Reasons given for the practice of FGM/C are based on cultural and religious beliefs and have no basis in science. These include: prevention of promiscuity in the female, enhancement of male sexual performance and pleasure, maintenance of cleanliness of the genital area, aesthetic reasons, enhancement of fertility and improving a woman's marriage prospects3. However, the practice of FGM/C is fraught with adverse health consequences and is frequently performed by traditional practitioners who have had no formal medical training, thus increasing the associated risks 4. Immediate complications include bleeding leading to shock, transmission of infection and injuries to adjacent organs like the urethra and the rectum. Long term sequelae of FGM/C include dyspareunia, anorgasmia, Para clitoral cyst and chronic pain3. Obstetric risks include prolonged labour, increased caesarean section rates, increased rates of episiotomy, perineal tears and postpartum haemorrhage3–5. Women with FGM/C also suffer increased rates of perinatal complications including need for neonatal resuscitation, still birth and early neonatal death5.

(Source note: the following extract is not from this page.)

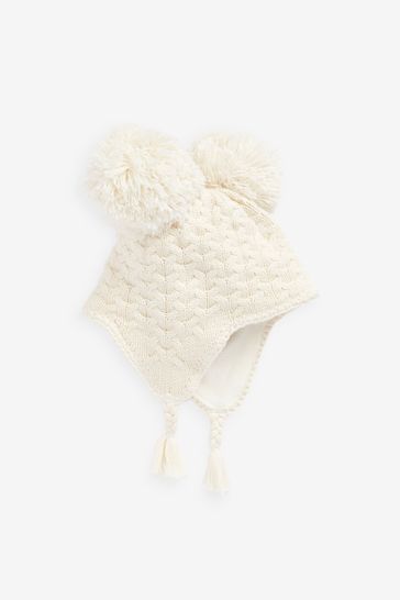 Creme - Baby-Trappermütze mit Doppelpompon (0M.–2J.)

In part because of these negative health consequences of FGM/C, many governments around the world have outlawed the practice. However, FGM/C continues to be practiced at high rates across many African countries.
The WHO classifies FGM/C into 4 types1,5. Type I is a partial or complete removal of the clitoris and/or the prepuce (clitoridectomy). In type II, the clitoris and labia minora are partially or completely removed with or without excision of the labia majora. Type III FGM/C involves a narrowing of the vaginal orifice by cutting the labia minora and /or the labia majora and creating a covering seal by close apposition of the cut surfaces. Type IV refers to all other harmful procedures to the female genitalia for non-medical purposes like pricking, cauterization and piercing1,5. The severity of the FGM/C and its complications worsens from type I to type III.
In 2010 a survey in the Gambia found the national prevalence rate of FGM/C among women aged 15–49 to be 76.3%6. The Foundation for Research on Women's Health, Productivity and the Environment (BAFROW) reports that seven of The Gambia's nine ethnic groups practice FGM/C 4. Nearly all Mandinkas, Jolas and Hausas (together 52% of the population) practice Type II on girls between 10 years and 15 years of age. The Sarahulis (9% of the population) practice Type I on girls one week after birth. The Bambaras (1% of the population) practice Type III, which takes place when girls are between 10 years and 15 years of age. The Fulas (18% of the population) engage in a practice analogous to Type III that is described as “vaginal sealing” on girls anywhere between one week and 18 years of age.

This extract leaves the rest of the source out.